Based on this also criticism of morality and religion appear (focusing specifically on the Judeo-Christian vision and especially on the Church), with values that assumed that the population would submit and be enslaved as with what the weak (those slaves who do not have control of their life and do not follow their strength and instincts) will dictate based on the identification of said values with the goodness. The idea would arise of the need to generate new values in which biological imperatives were taken into account, an idea that would end up generating the concept of superman.
Worsening of health and its most prolific stage
Nietzsche's health, afflicted with various diseases (among which syphilis was speculated), would deteriorate over time. As a result, he was forced to leave his teaching post in Basel.
Due to his health problems Nietzsche would travel frequently him to different cities with a milder climate, despite returning home from time to time to visit his family. this is the most prolific time of his in terms of publications and philosophical thought. He fell in love with Lou Andreas-Salomé and proposed to her, but was rejected.

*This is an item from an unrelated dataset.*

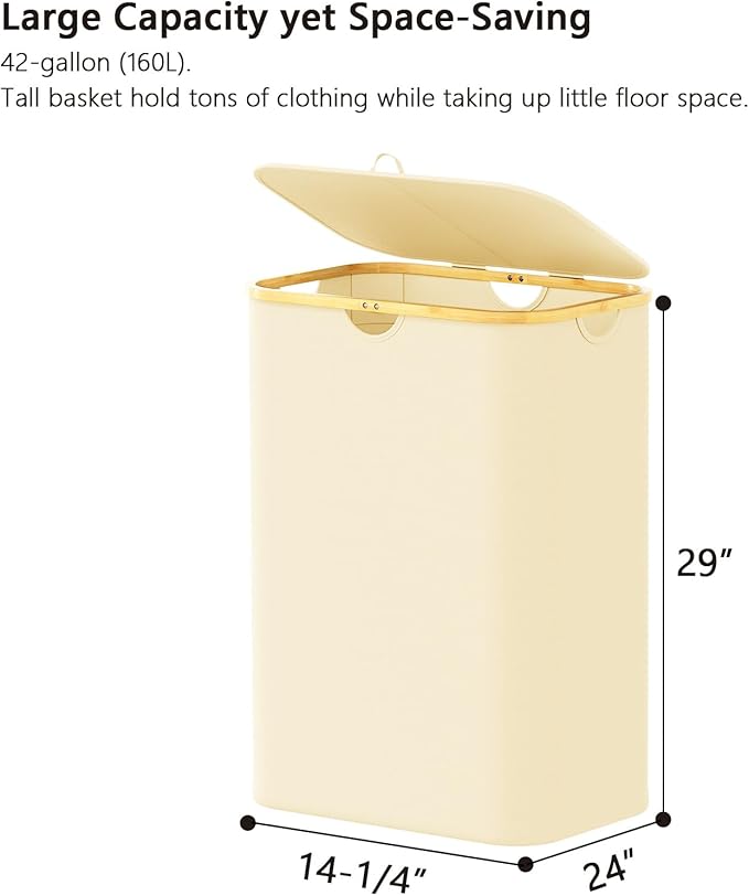 - Large Capacity yet Space-Saving: Measures 19-1/2” x 14-1/4” x 29”, 34-gallon (160L) capacity and 2 section. Tall basket hold tons of clothing while taking up little floor space. Bamboo matching cloth design is a perfect addon to your bedroom, laundry room, bathroom, college dorm, or kid room's decor.

This, together with the loss of relationships with old friends like Wagner, would lead him to an ever deeper isolation. It is at this time that he wrote "Thus Spoke Zarathustra", and "Beyond Good and Evil" one of his best known works. However, his publications never had great acceptance by society.
His sister would marry a well-known writer named Bernhard Förster and he would travel with him to Paraguay, the ideology and anti-Semitism of this being a reason for rejection for Nietzsche. In 1887 he published On the Genealogy of Morality, being in worse and worse health. However, his writings began to have increasing success and interest from the general population.
Internment and death
In 1989, at the age of forty-four, the well-known author suffered a collapse, after which he had to retire. He was admitted to a Basel asylum with symptoms that today suggest a dementia, possibly stemming from syphilis, or a possible brain tumor. His secretary Gast and his friend Overbeck (known and friend since the time in Basel), decided to publish their works "The Antichrist" and "Ecce Homo".
Nietzsche would later be taken by his mother to a clinic in Naumburg and later to his home in 1890. After she died, he moved with his sister, who had returned after becoming a widow, to Weimar. There he passed away on August 25, 1900 due to pneumonia.
Nietzsche's legacy
The legacy that Nietzsche has left is invaluable and has had great influence on the world. Aspects such as nihilism or decadence of Western thought and classical and rational philosophy, the avoidance of Dionysian desires and impulses and the pursuit of slave morality, the critique of religion as instrument of control that makes the population be slaves and submissive due to the identification of these traits and suffering as the good are elements that, although They can be controversial and difficult to interpret, they have aroused the interest of many thinkers and have inspired great works and social and social reinterpretations. policies.
An example of this can be seen in Sigmund Freud, whose works have been influenced by the critique of rationality and the defense of instinctive and innate forces.
Unfortunately, there have also been interpretations of his works with less benign purposes and consequences. Social criticism, the defense of individualism and identity, ideology and the concept of superman would be misrepresented and reinterpreted by various figures who would end up using it as the basis for some of the actions and foundations of Nazism.